*What to produce:* Begin at the line below that holds "2.如果系統(tǒng)自動" and end at the line that holds "- Cute Bear", transcribing each line exactly and skipping any picture.

*Supplied data:*
=== Section Start ===

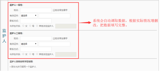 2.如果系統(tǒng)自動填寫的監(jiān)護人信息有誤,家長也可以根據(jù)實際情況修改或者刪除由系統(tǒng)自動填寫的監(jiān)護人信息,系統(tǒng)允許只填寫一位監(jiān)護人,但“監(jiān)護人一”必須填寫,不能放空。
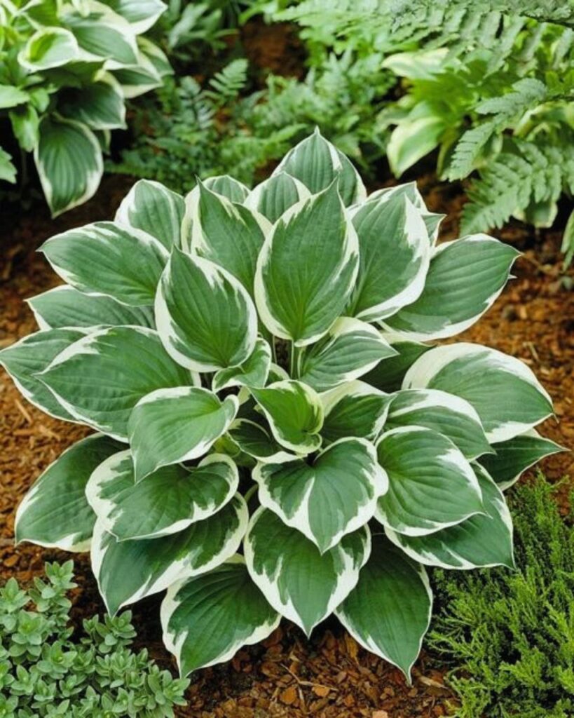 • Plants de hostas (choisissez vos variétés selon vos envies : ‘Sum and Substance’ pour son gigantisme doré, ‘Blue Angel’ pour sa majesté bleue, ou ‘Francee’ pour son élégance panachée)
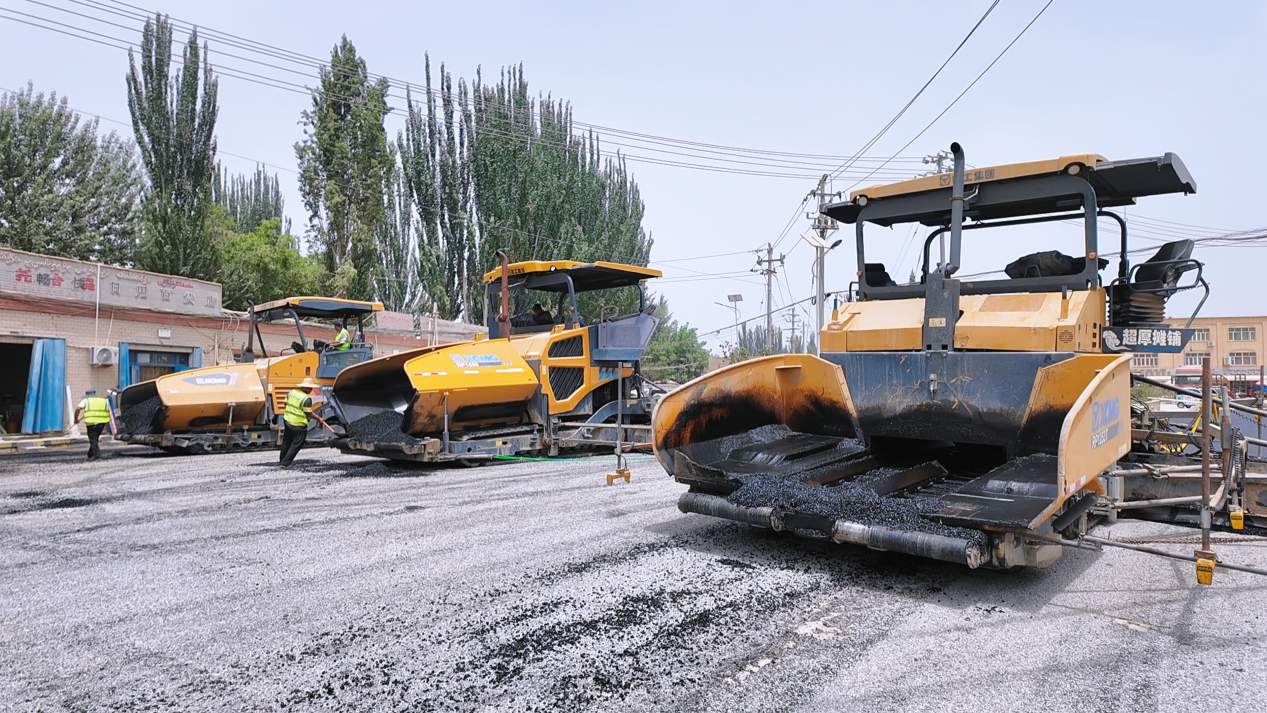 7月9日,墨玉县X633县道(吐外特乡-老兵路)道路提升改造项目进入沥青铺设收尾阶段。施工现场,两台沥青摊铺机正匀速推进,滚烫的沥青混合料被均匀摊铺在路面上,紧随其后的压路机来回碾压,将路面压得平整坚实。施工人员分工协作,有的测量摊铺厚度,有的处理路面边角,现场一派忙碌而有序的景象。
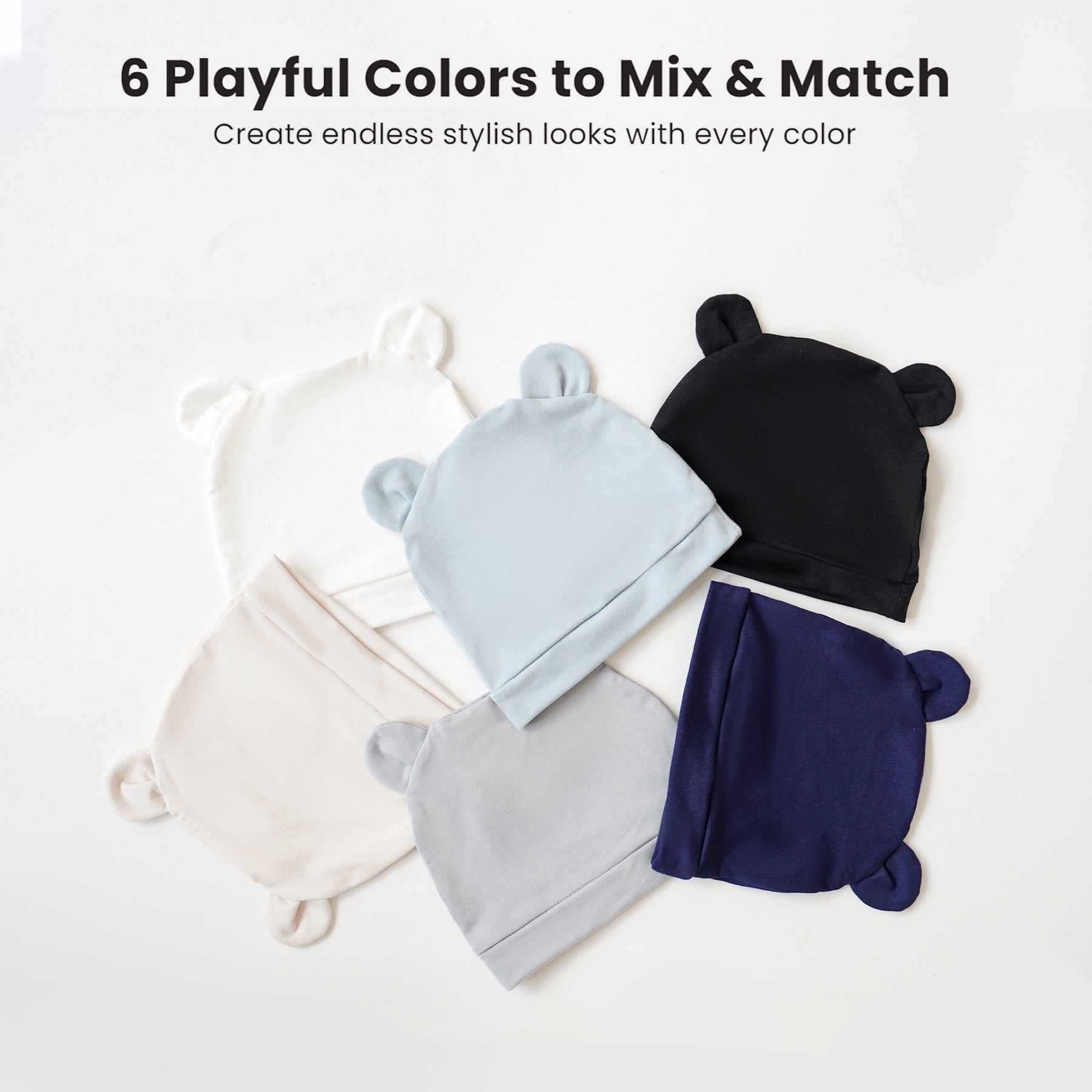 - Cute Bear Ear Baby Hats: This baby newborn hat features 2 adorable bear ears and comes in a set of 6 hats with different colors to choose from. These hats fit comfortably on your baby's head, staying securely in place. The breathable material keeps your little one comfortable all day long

=== Section End ===
=== Section Start ===

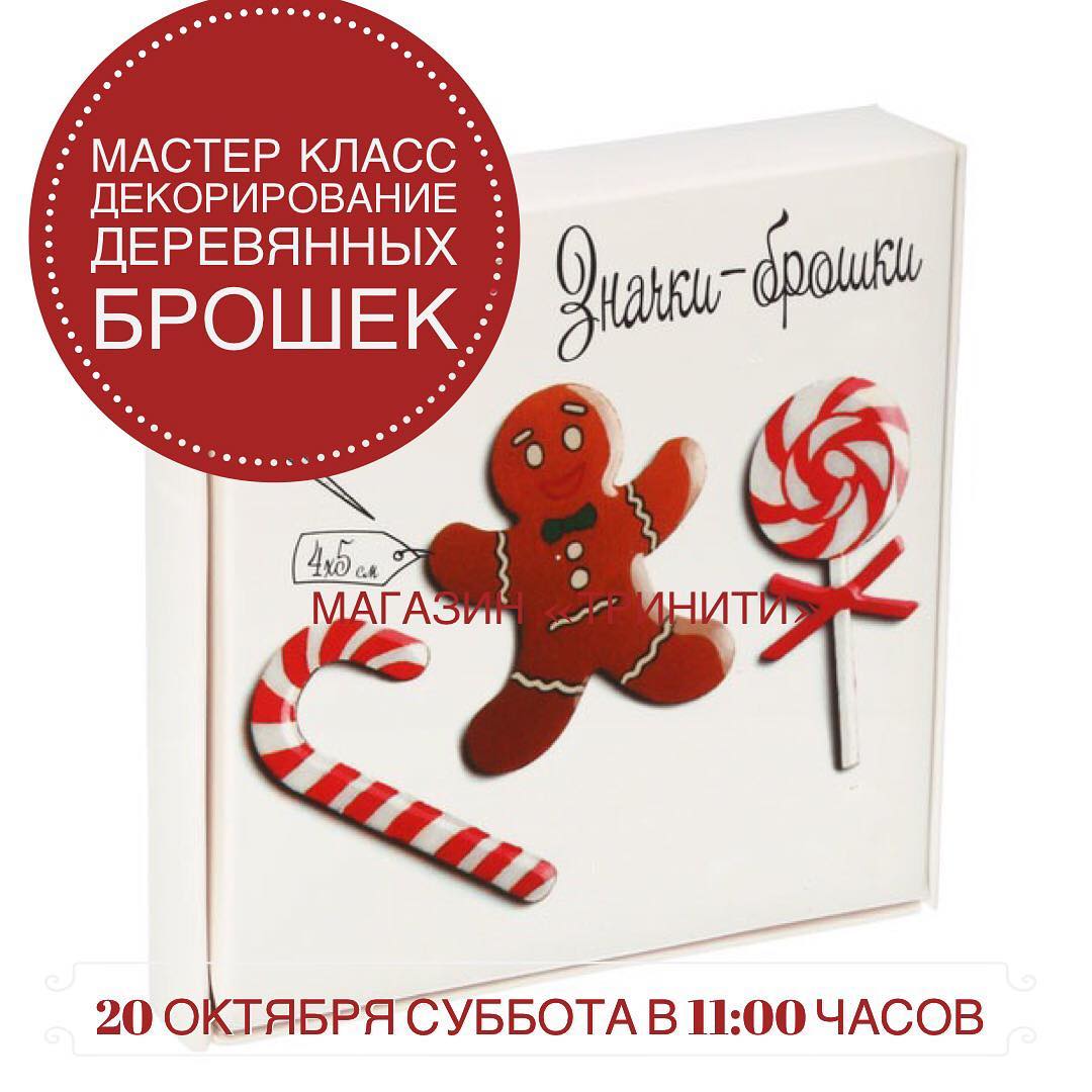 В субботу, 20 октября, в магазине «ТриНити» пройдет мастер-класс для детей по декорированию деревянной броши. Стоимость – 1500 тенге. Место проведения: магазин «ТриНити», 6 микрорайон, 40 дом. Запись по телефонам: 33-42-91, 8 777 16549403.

=== Section End ===

*Exercise output:*
 2.如果系統(tǒng)自動填寫的監(jiān)護人信息有誤,家長也可以根據(jù)實際情況修改或者刪除由系統(tǒng)自動填寫的監(jiān)護人信息,系統(tǒng)允許只填寫一位監(jiān)護人,但“監(jiān)護人一”必須填寫,不能放空。
 • Plants de hostas (choisissez vos variétés selon vos envies : ‘Sum and Substance’ pour son gigantisme doré, ‘Blue Angel’ pour sa majesté bleue, ou ‘Francee’ pour son élégance panachée)
 7月9日,墨玉县X633县道(吐外特乡-老兵路)道路提升改造项目进入沥青铺设收尾阶段。施工现场,两台沥青摊铺机正匀速推进,滚烫的沥青混合料被均匀摊铺在路面上,紧随其后的压路机来回碾压,将路面压得平整坚实。施工人员分工协作,有的测量摊铺厚度,有的处理路面边角,现场一派忙碌而有序的景象。
 - Cute Bear Ear Baby Hats: This baby newborn hat features 2 adorable bear ears and comes in a set of 6 hats with different colors to choose from. These hats fit comfortably on your baby's head, staying securely in place. The breathable material keeps your little one comfortable all day long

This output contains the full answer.